Image ID. Looking for community input. - Commons-l

4 Dec 2006

Someone came to me with an image they believed they obtained from
commons but where unsure of exactly where they found it...

I was eventually able to locate the image, but it took a lot of work.

Had the image been deleted for copyright problems it would have been
nearly impossible but it is in exactly that sort of situation which we
may need the ability to find the image the most.

I have locally a database of image fingerprints (quantized color
histograms) which could be used to locate images... it didn't work for
this case because the image was newer than our last image backup
(which was last year). It might be useful but it's not a complete
solution.

I wanted to get input from the community on a couple of actions we
might like to take to improve the situation in the future:

# On upload we could attach the URL the image was uploaded as to the
image in an EXIF tag.  There are a great many EXIF tags defined and
I'm sure we could find a fitting one. This would only work for .JPG
but it would be easy to implement.  As a separate topic, we should
consider adding license data to our exif tags (I do it for my images,
but we should perhaps do it more generally.   This would be fairly
easy to do and I don't think this would be controversial, although
there would be some complexity with respect to image moves once we
gain that ability in the future.   Does anyone object to this?
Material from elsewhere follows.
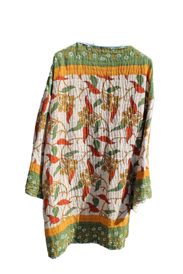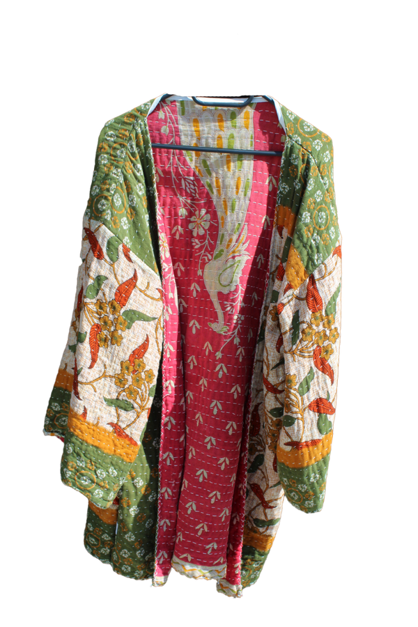 Jasje gemaakt van gerecyclede Indiase sari's, aan twee kanten te dragen.

# We could also add the same in the PNG comments... although such use
of png comments is non-standard .. I don't think it would break
anything. Anyone have any thoughts on that?

# We could add some RDF tags to SVGs for the same purpose, although I
think the PNG rasterizations of SVGs would be more important.

# Finally, something that might be somewhat controversial:   I think
it would be a good idea to add some text to the (raster) thumbnail
image on the image page. My idea is that we would add an extra white
area below the image large enough to contain a line of text which
mentions where the image came from. This would have a two fold
benefit: 1) it would encourage people to use the full resolution image
for reuse, 2) it would cause automated scraping processes which hit
our image pages to preserve human readable tracking information.
Unlike a classic watermark this addition could be removed via
cropping.  Technically this would require just a few more arguments to
imagemagik during thumbnailing, but we'd have to make a few other
changes to handle smaller images and to treat the image page thumb
differently from other same-sized thumbs.

In general I think we need to think about how to push our metadata
into the image files themselves. Only if the metadata is embedded in
the images will downstream users have a hope of keeping track of the
images. If the rest of the world did this our lives would be much
easier, so let us do on to other as we would have others do onto us.